**DATA**

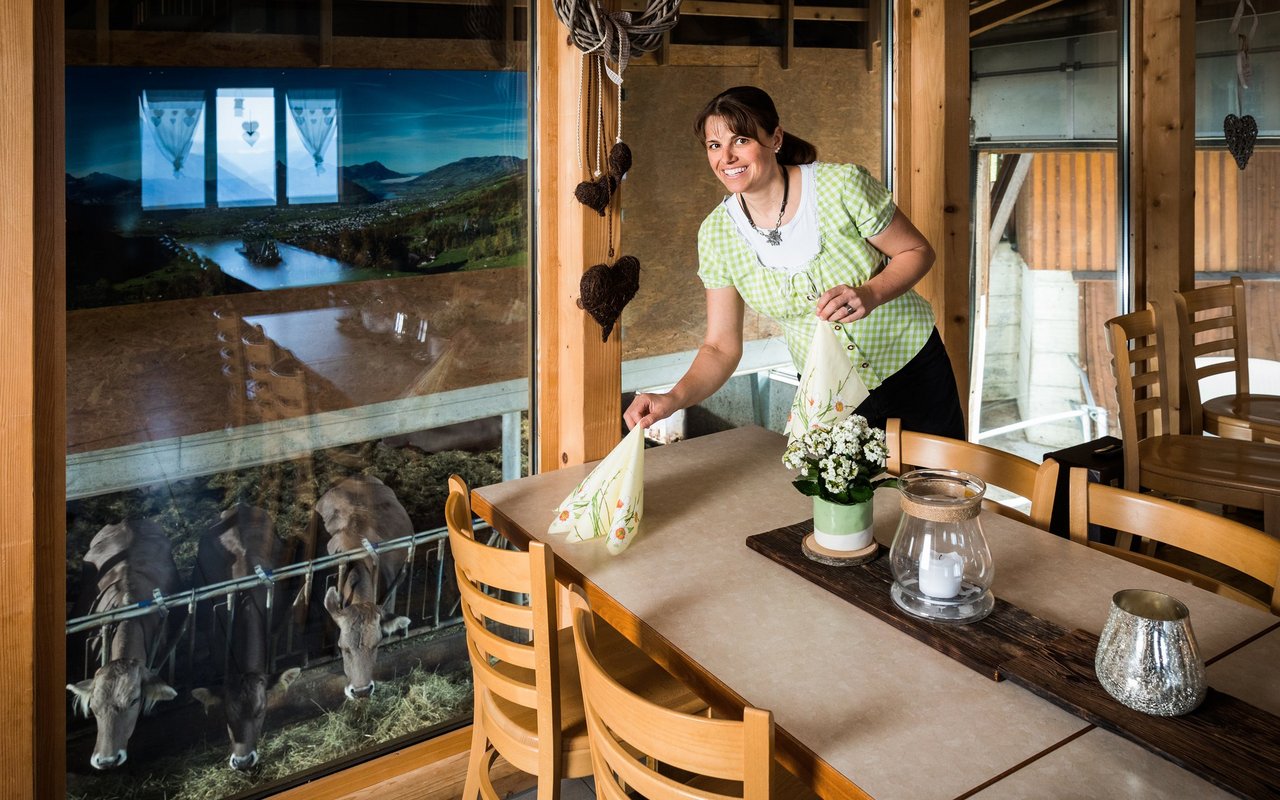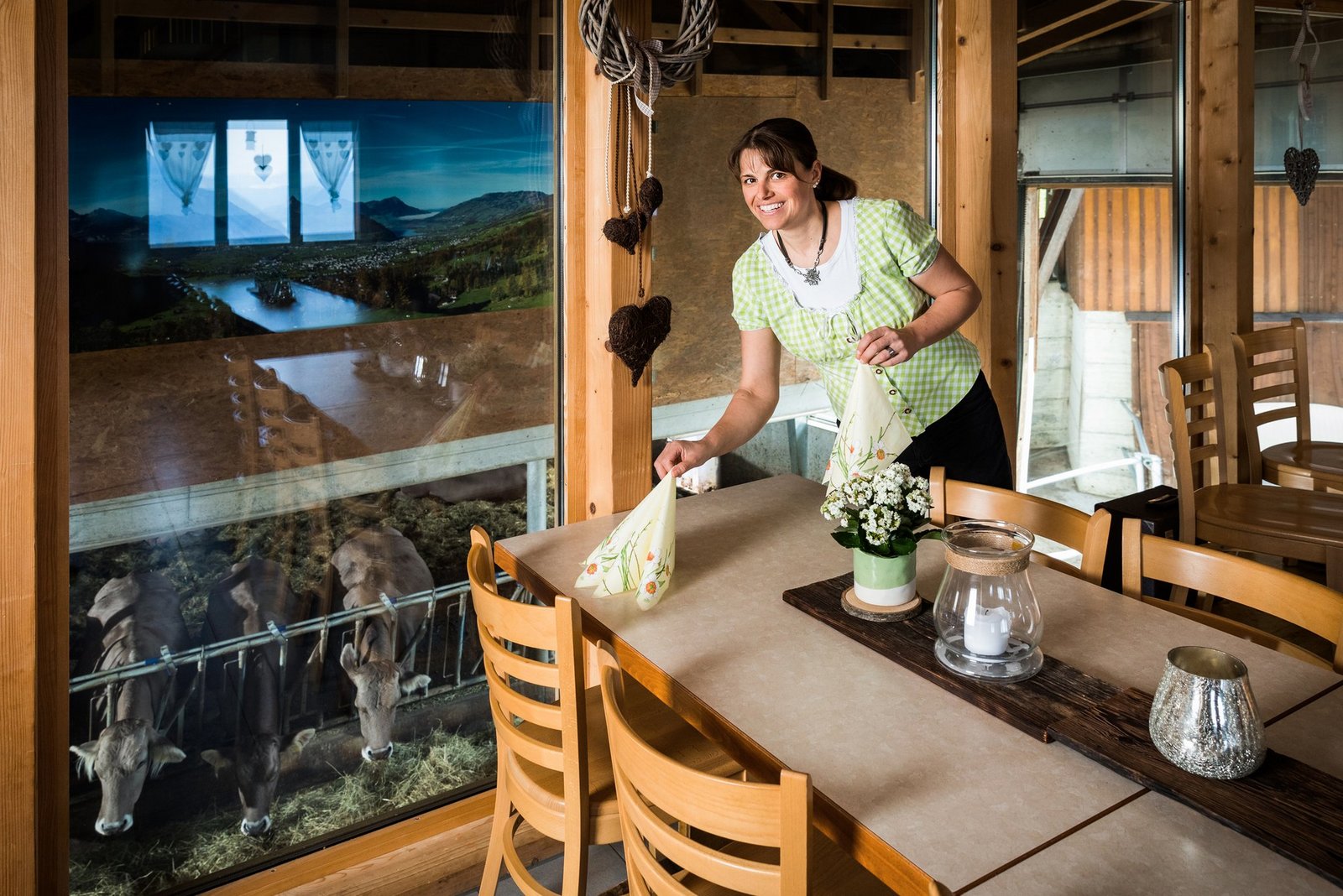 Doch für Eliane Schürpf war es eine ideale Vorbereitung auf ihr heutiges Leben. Den im Huserenberg ist sie für die «Besenbeiz» verantwortlich, die neben der Milchwirtschaft ein wichtiger Betriebszweig ist. Wobei der Name «Besenbeiz» irreführend ist: Im hellen Lokal können sich bis zu 100 Personen verpflegen. Einmalig ist die Aussicht durch eine Glasscheibe direkt in den Stall und auf die Kühe ein Stockwerk tiefer - und auf das grosse Foto mit der Rundsicht.
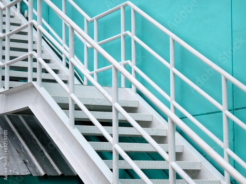 Fototapeta premium Metal stairs to blue building against sky and clouds
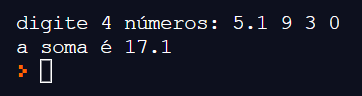 Mas agora que sou um(a) super-programador(a), quero facilitar a vida do(a) usuário(a): vou deixar a pessoa escrever os 4 números de uma vez só, separados por um espaço. Assim, ó:
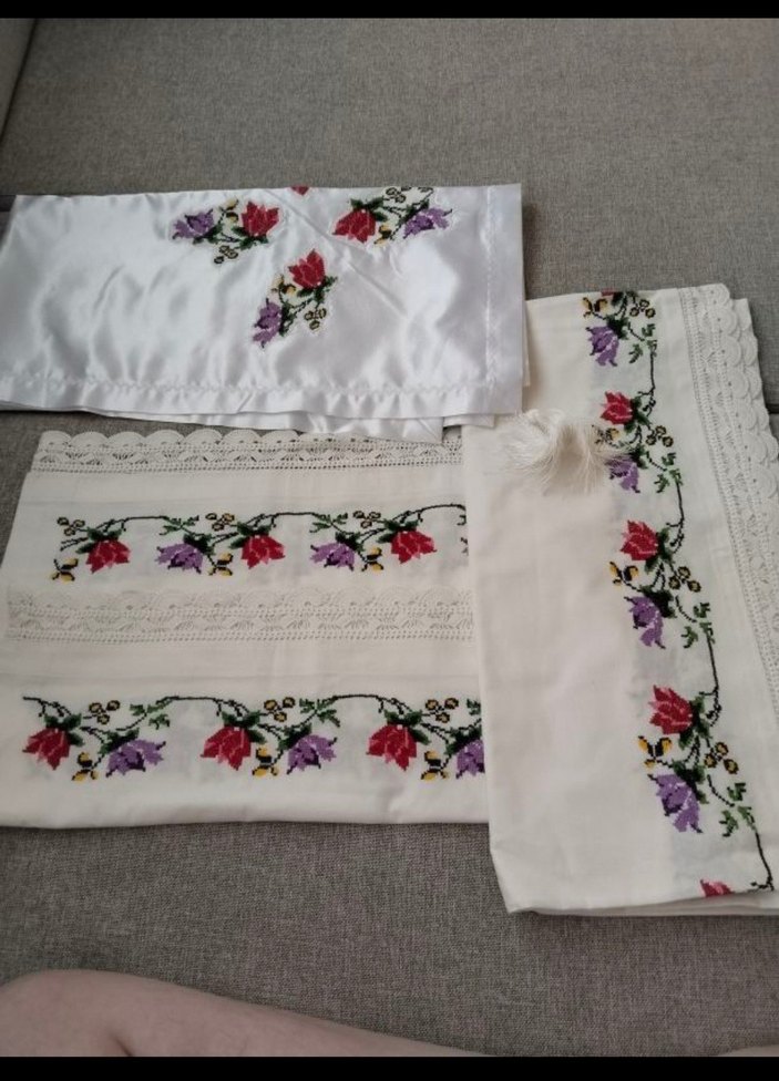 Yumuşak kumaş üzerine kırmızı, mor ve yeşil nakışlı çiçek desenleri ve dantel detayları bulunan beyaz yastık kılıfı seti. 1 etek 1 yastik ve saten bohçasi ile birlikte takim

**TASK BRIEF**
A word-for-word copy of the data above is needed, one that omits the pictures.

**PROBLEM SOLUTION**
 Doch für Eliane Schürpf war es eine ideale Vorbereitung auf ihr heutiges Leben. Den im Huserenberg ist sie für die «Besenbeiz» verantwortlich, die neben der Milchwirtschaft ein wichtiger Betriebszweig ist. Wobei der Name «Besenbeiz» irreführend ist: Im hellen Lokal können sich bis zu 100 Personen verpflegen. Einmalig ist die Aussicht durch eine Glasscheibe direkt in den Stall und auf die Kühe ein Stockwerk tiefer - und auf das grosse Foto mit der Rundsicht.
 Fototapeta premium Metal stairs to blue building against sky and clouds
 Mas agora que sou um(a) super-programador(a), quero facilitar a vida do(a) usuário(a): vou deixar a pessoa escrever os 4 números de uma vez só, separados por um espaço. Assim, ó:
 Yumuşak kumaş üzerine kırmızı, mor ve yeşil nakışlı çiçek desenleri ve dantel detayları bulunan beyaz yastık kılıfı seti. 1 etek 1 yastik ve saten bohçasi ile birlikte takim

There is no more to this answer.